Regeneron Pharmaceuticals Inc. said Monday that U.S. authorities placed the company's drug clinical development of osteoarthritis pain on hold after a patient in the trial of another company has developed a serious bone disorder.

Regeneron said, and its partner, Sanofi-Aventis SA, was reported last week by the U.S. Food And Drug Administration that the drug REGN475/SAR164877, was suspended after a patient in the trial of another company to develop a joint avascular necrosis.

This condition is caused when bone tissue dies because of lack of blood supply, causing the collapse of the bones.

Regeneron drug is designed to work by blocking a protein called nerve growth factor (NGF), which is associated with pain. An inhibitor of NGF under development by Pfizer Inc were put on hold earlier this year after some patients have had joint replacement surgery.

The FDA believes that security problems can affect an entire class of anti-NGF.

Decision Resources, a company of advice for health care, initially planned global sales peak tanezumab Pfizer drug could reach $ 1.2 billion, but reduced the forecast of $ 200 million after being put on hold clinical .
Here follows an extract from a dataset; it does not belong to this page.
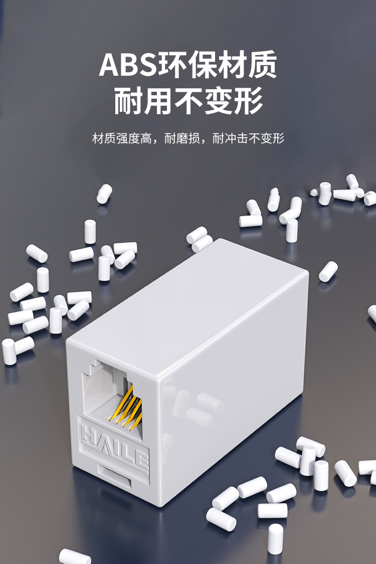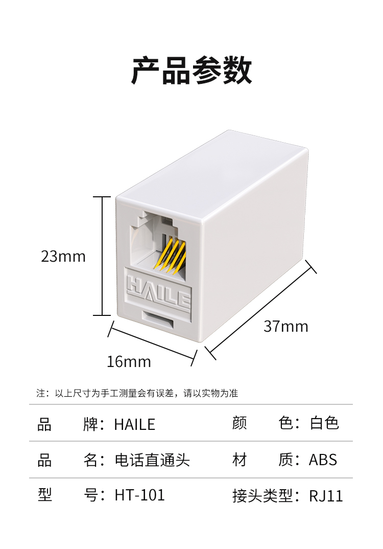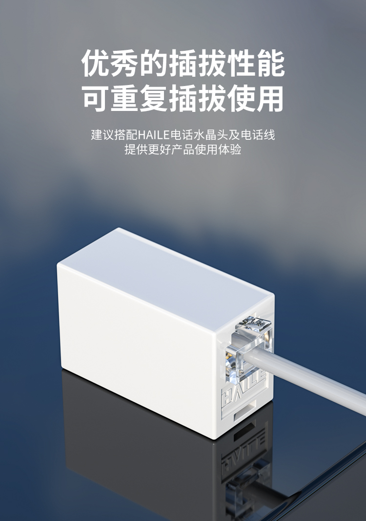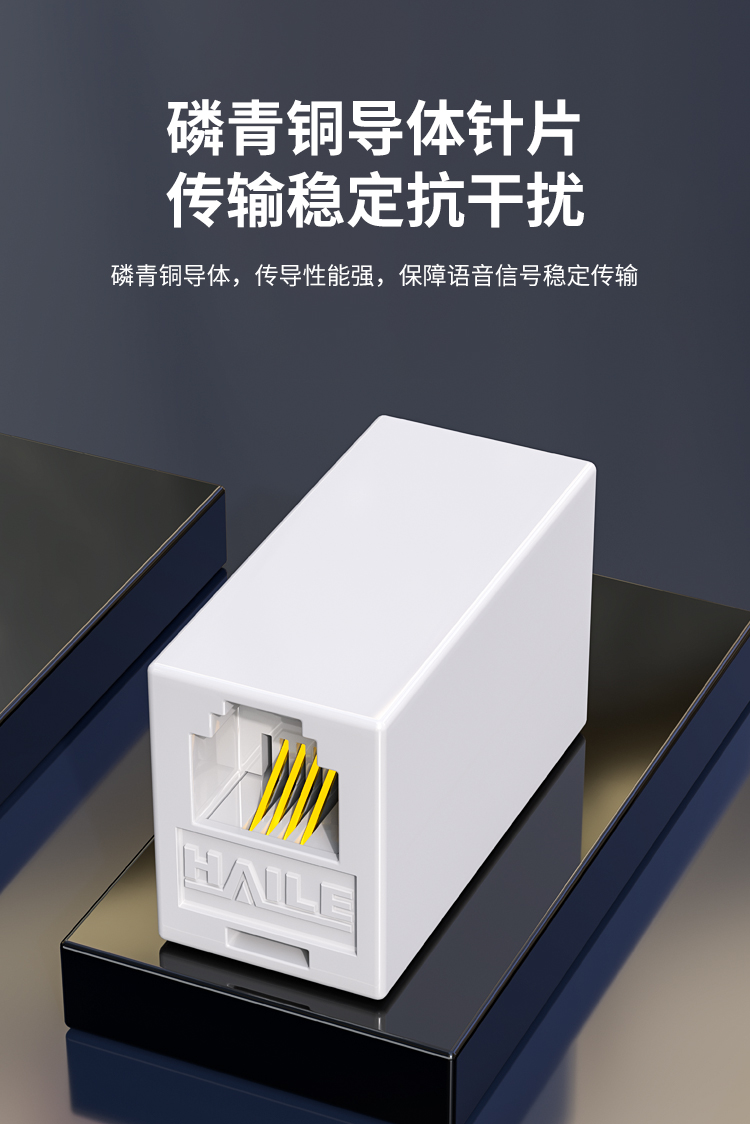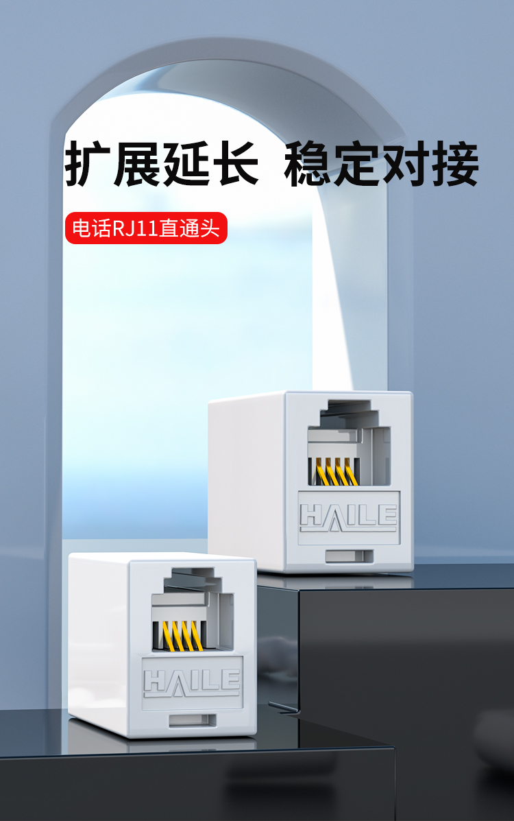 HAILE电话对接头RJ11电话水晶头6P4C直通双通电话线延长连接器 HT-101
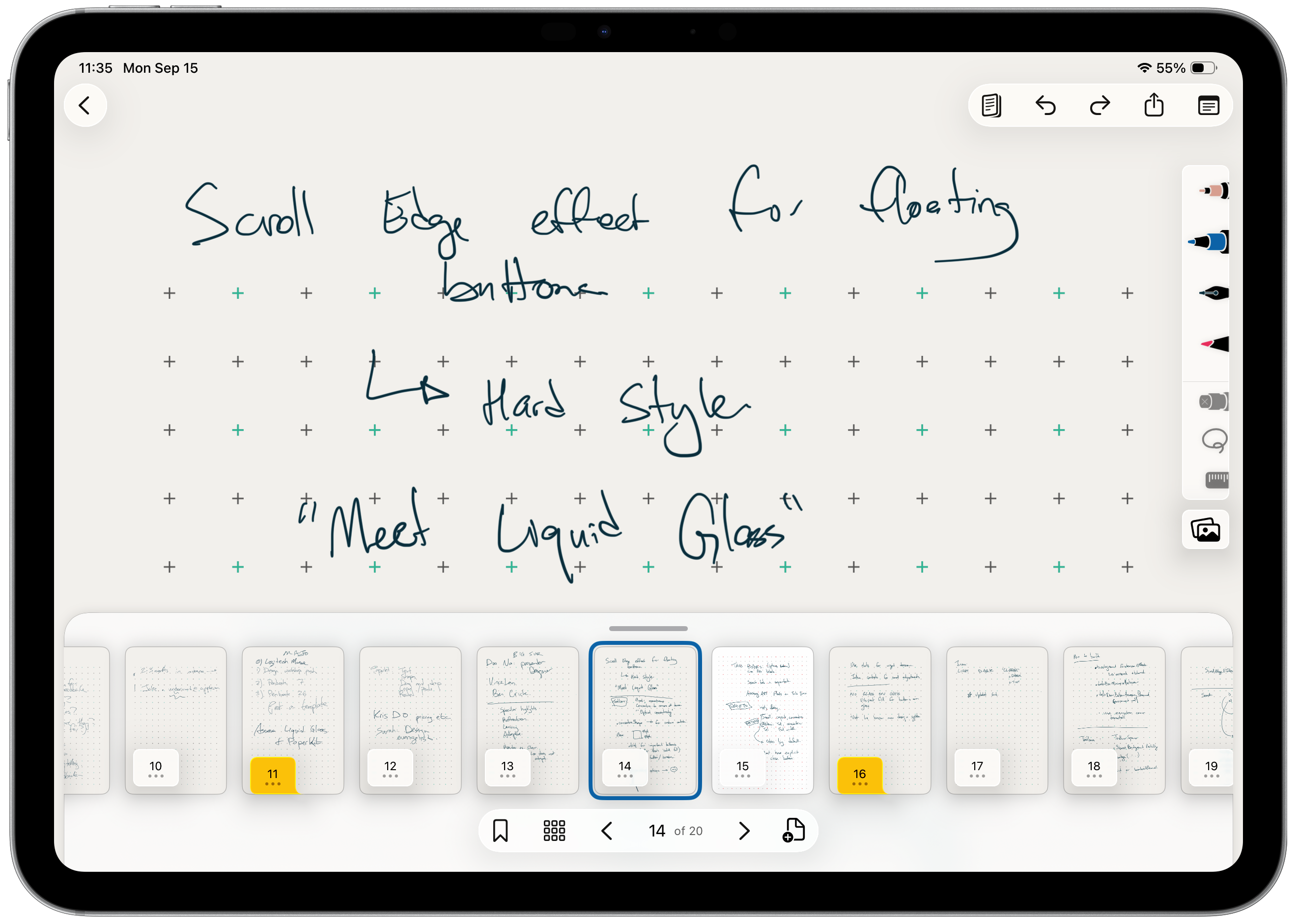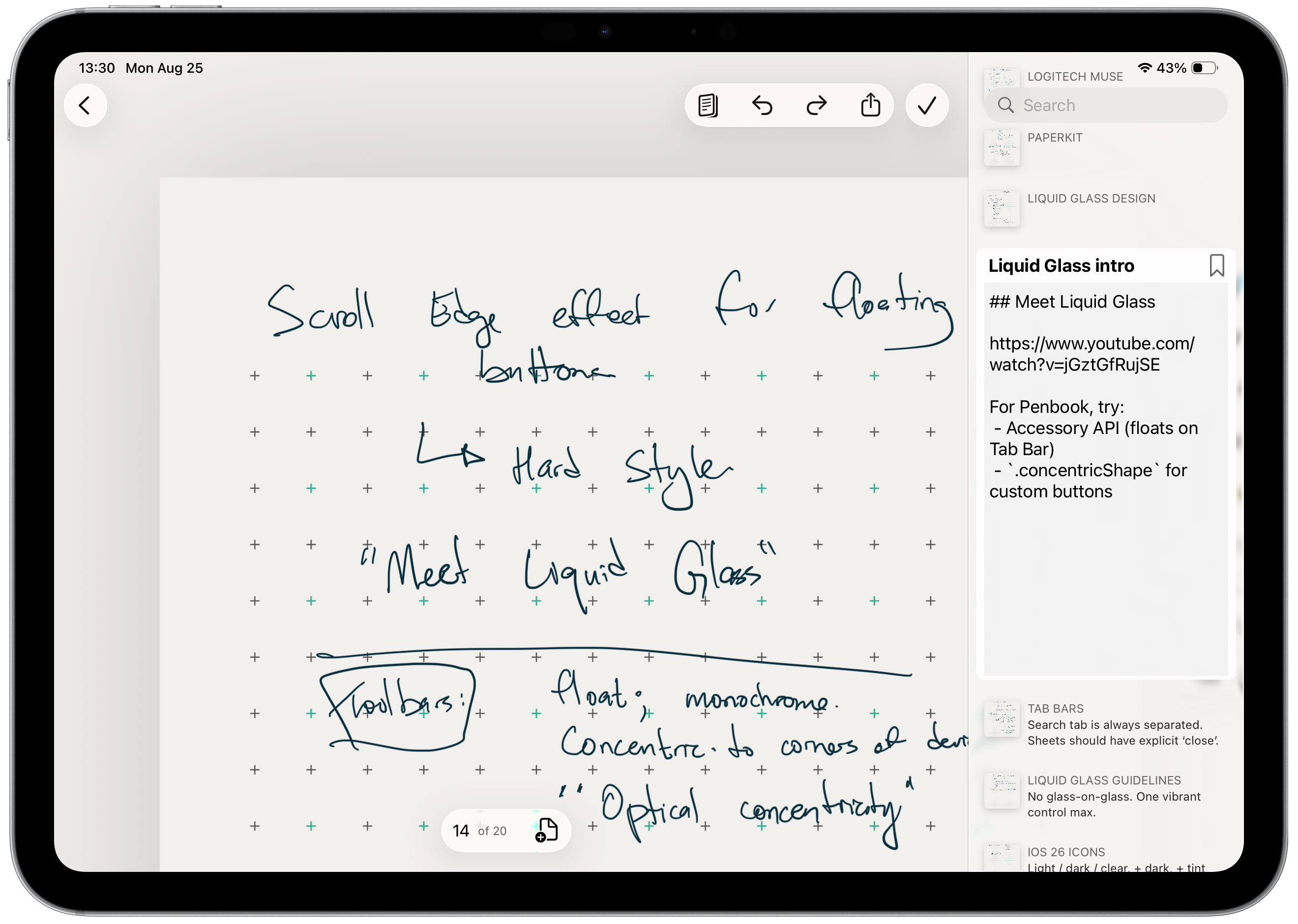 The app’s toolbars and navigation are enhanced by Liquid Glass, so your notes stay in focus while the buttons for writing tools and page controls remain accessible.

Tanezumab was the most advanced class and a cloud cast setback for the development of other drugs, including Regeneron's. Johnson & Johnson and Abbott Laboratories each of the first programs of dumping NGF.

Regeneron shares fell 0.7 percent, to $ 33.27 in midmorning trading on the Nasdaq, in line with a decline of 0.6 percent of the Nasdaq biotechnology.

Regeneron said that currently there is no drug test with registration or who are treating patients.